Work to complete:
Print exactly the lines below between the line containing "中國臺灣網5月15日莆田消息" and the line containing "For Huawei Band", counting both of those lines. Leave pictures out.

(Input records begins)

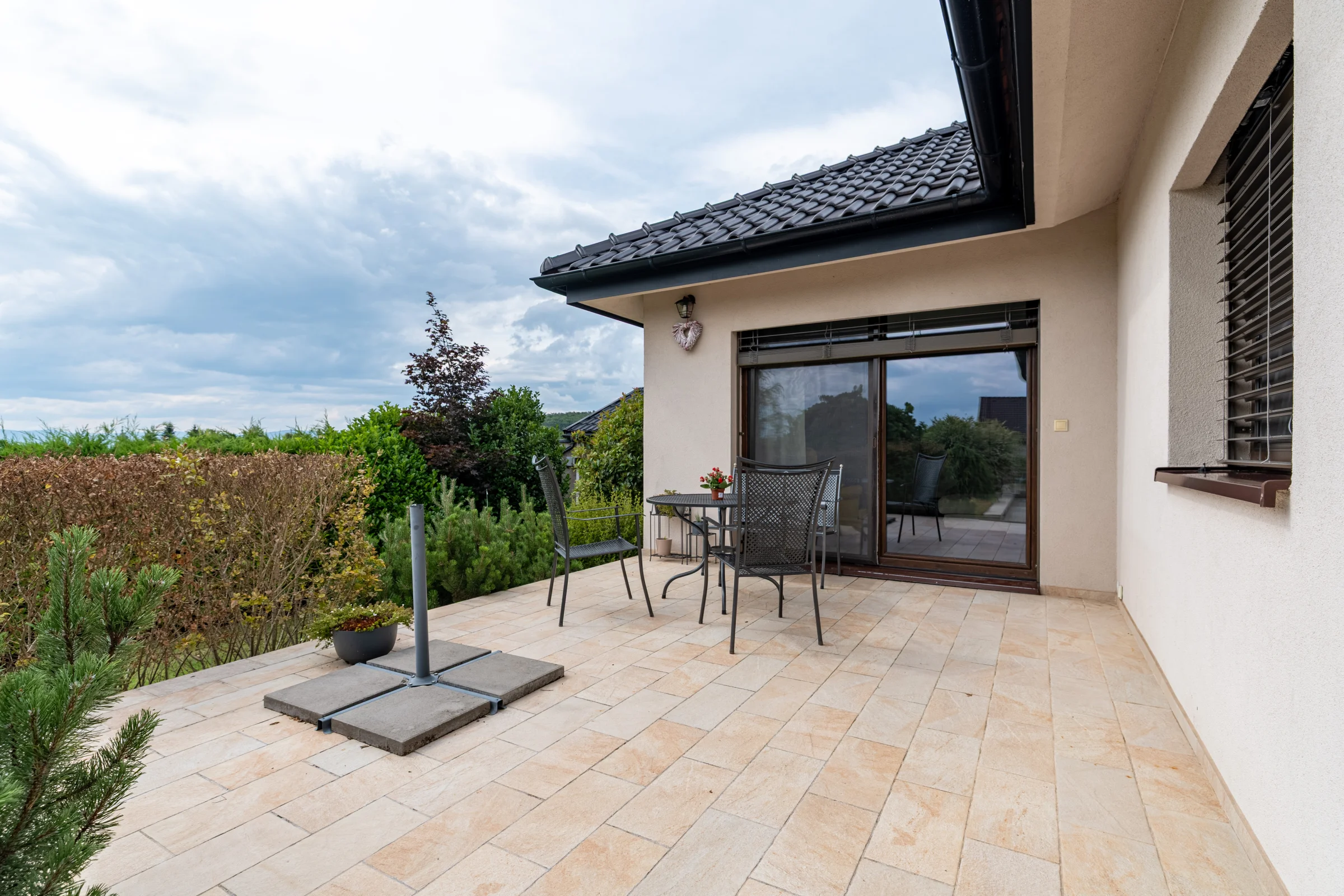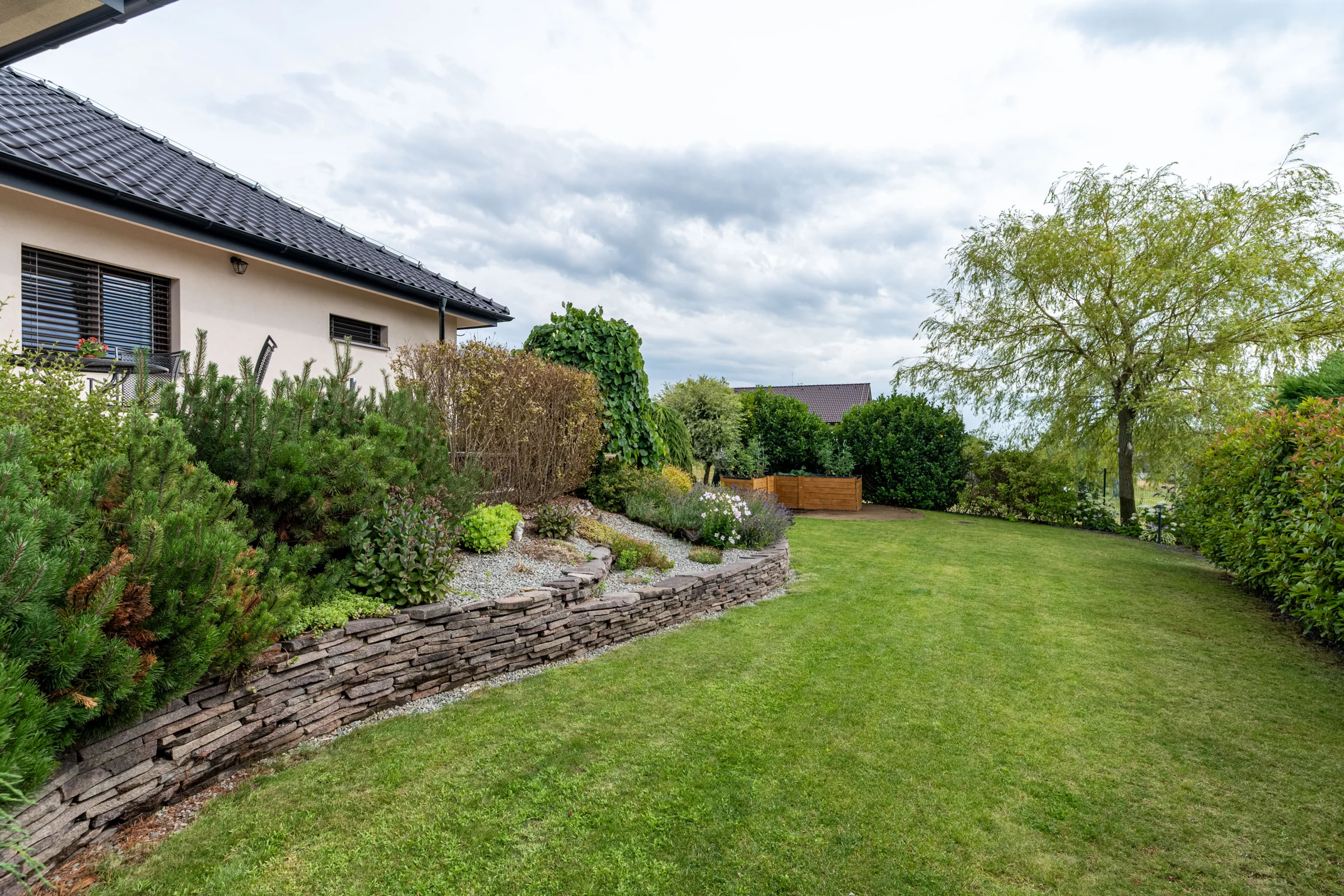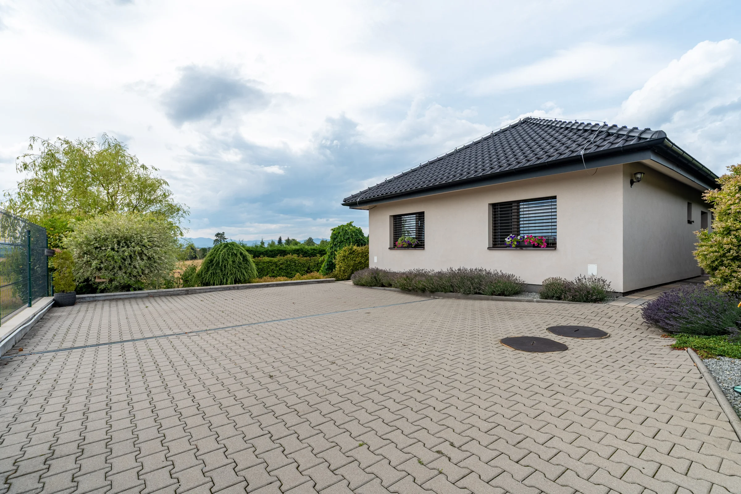 Exteriér domu je vkusne a funkčne upravený. Prístup zabezpečuje spevnená cesta zo zámkovej dlažby a na pozemku je dostatok miesta na parkovanie viacerých vozidiel. Nechýba terasa, altánok, vyvýšené záhony na pestovanie ani udržiavaná zelená plocha, ktorú je možné využiť rôznymi spôsobmi – napríklad na oddych, bazén či iné voľnočasové aktivity. Záhrada je vybavená zavlažovacím systémom, ktorý zjednodušuje údržbu exteriéru.
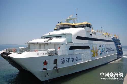 中國臺灣網5月15日莆田消息 今天下午一時許,臺灣媽祖信眾直航湄洲進香團的350名臺灣同胞,乘坐“海洋拉拉號”客輪由臺中港抵達莆田湄洲島3000噸級客運碼頭,首屆海峽論壇係列活動序幕由此拉開。
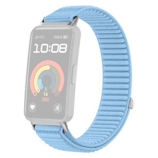 For Huawei Band 10 / 9 / 8 xDfind Woven Nylon Hook And Loop Fastener Metal Interface Watch Band(Island Blue)
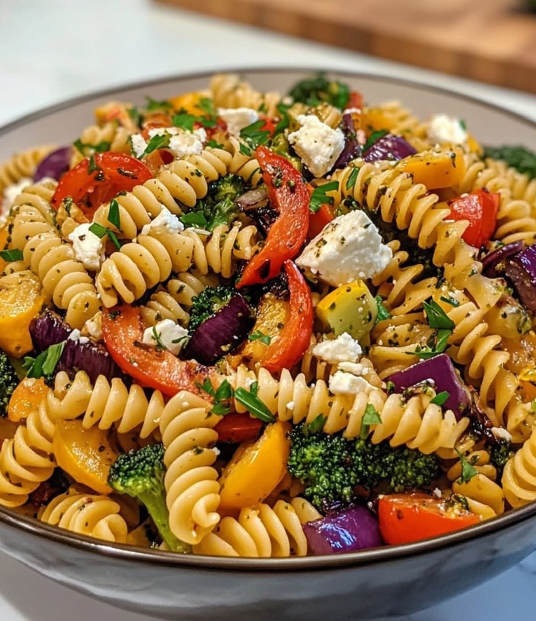 This Roasted Vegetable Mediterranean Pasta Salad is a vibrant, healthy, and flavorful dish packed with roasted vegetables, whole grain pasta, and Mediterranean ingredients like olives, feta, and a zesty lemon-oregano dressing. It’s perfect for a light lunch, a side dish, or even a hearty dinner. The combination of roasted veggies and fresh ingredients makes it both nutritious and satisfying.
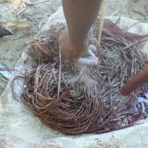 While in Madagascar last month, I watched dyers add bark (the dyestuff), raffia (the textile), and crystalized alum (the mordant), to the dyebath all at the same time. My “professional dye knowledge” told me this was not the best approach. But then I began to think.
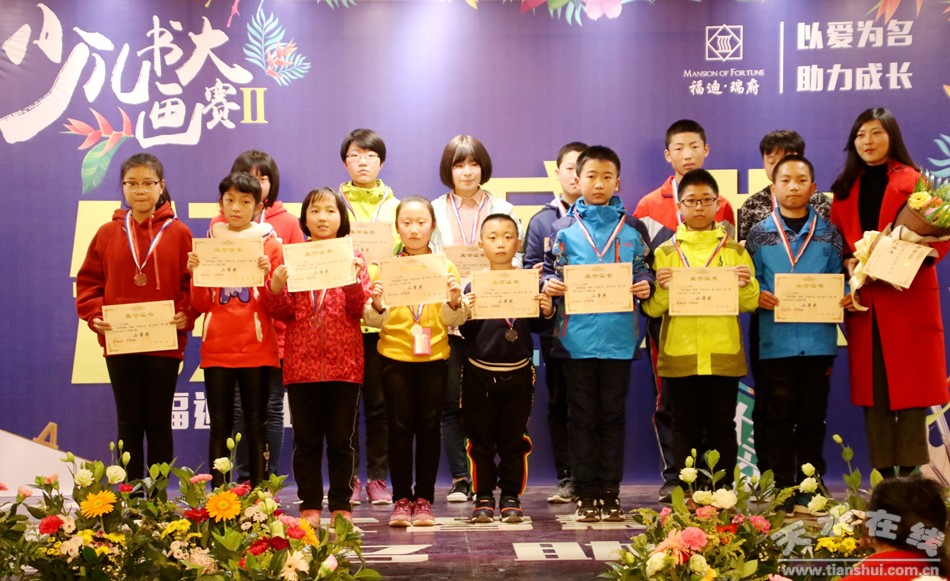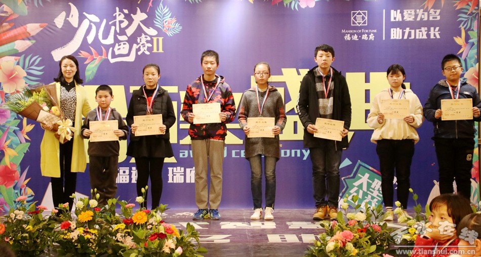 天水市美术家协会副主席、秦州区文化馆馆长甘肃省美协会员赵晖先生;教育部书画等级考试中心天水秘书处及全国青少年儿童文化艺术展评活动委员会天水秘书处秘书长段亚琴女士;天水市精神文明建设委员会办公室未成年人思想道德建设科赵彦君女士;中国书法家协会会员、天水市文联副主席、天水市书法家协会主席周宇春先生等代表受邀出席了此次颁奖活动并上台致辞,此外数百名家长和天水市民也都齐聚福迪·瑞府,共同见证近千名参赛小选手的逐梦之旅!
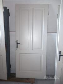 Porte interne in legno con specchiature cieche, provenienti da abitazione anni '30, varie misure, buone condizioni, no tarli, attualmente dipinte a smalto, 9 pezzi totali, di cui 6 hanno la maniglia con serratura funzionante e la chiave originale. Si vendono solo le porte, non sono stati recuperati i telai.
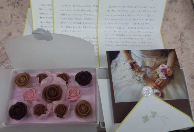 たくさんの文字がつづられたお手紙と、バラのチョコレートと、
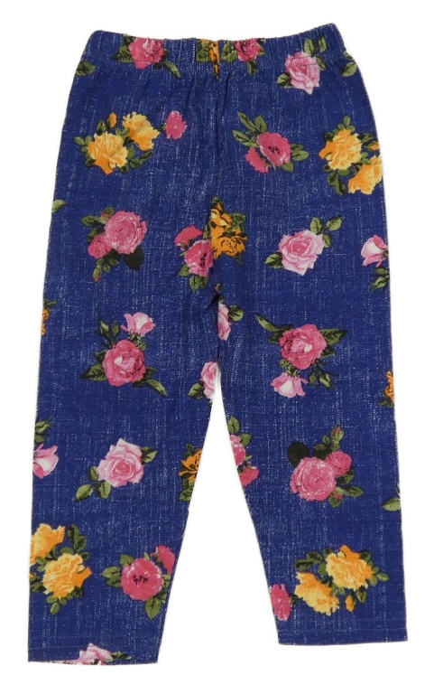 Tmavomodré capri legíny riflového vzhledu s růžemi
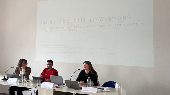 Die Tagungsorganisator*innen Friederike Beier, Gundula Ludwig und Laura Volgger (v.l.n.r.)
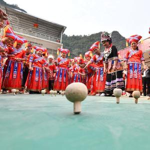 當日,廣西大化瑤族自治縣大化鎮仁良村舉辦“三八”國際婦女節陀螺比賽,壯、瑤、漢等各族婦女歡聚一堂,通過(guò)打陀螺、跳竹竿舞、品長(cháng)桌宴等豐富多彩的民俗體育和文化活動(dòng),迎接節日。
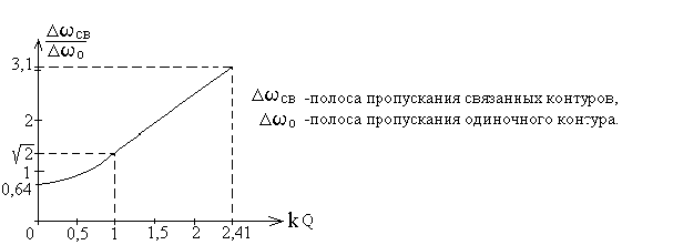 Полосой пропускания системы связанных контуров называют полосу частот, в пределах которой ток во втором контуре не падает ниже  от наибольшего его значения при заданных параметрах контуров и коэффициенте связи. Так как резонансные кривые тока второго контура зависят от фактора связи , то следует рассмотреть три случая: < 1, = 1 и > 1.

(Input records ends)

Reply to the task:
 中國臺灣網5月15日莆田消息 今天下午一時許,臺灣媽祖信眾直航湄洲進香團的350名臺灣同胞,乘坐“海洋拉拉號”客輪由臺中港抵達莆田湄洲島3000噸級客運碼頭,首屆海峽論壇係列活動序幕由此拉開。
 For Huawei Band 10 / 9 / 8 xDfind Woven Nylon Hook And Loop Fastener Metal Interface Watch Band(Island Blue)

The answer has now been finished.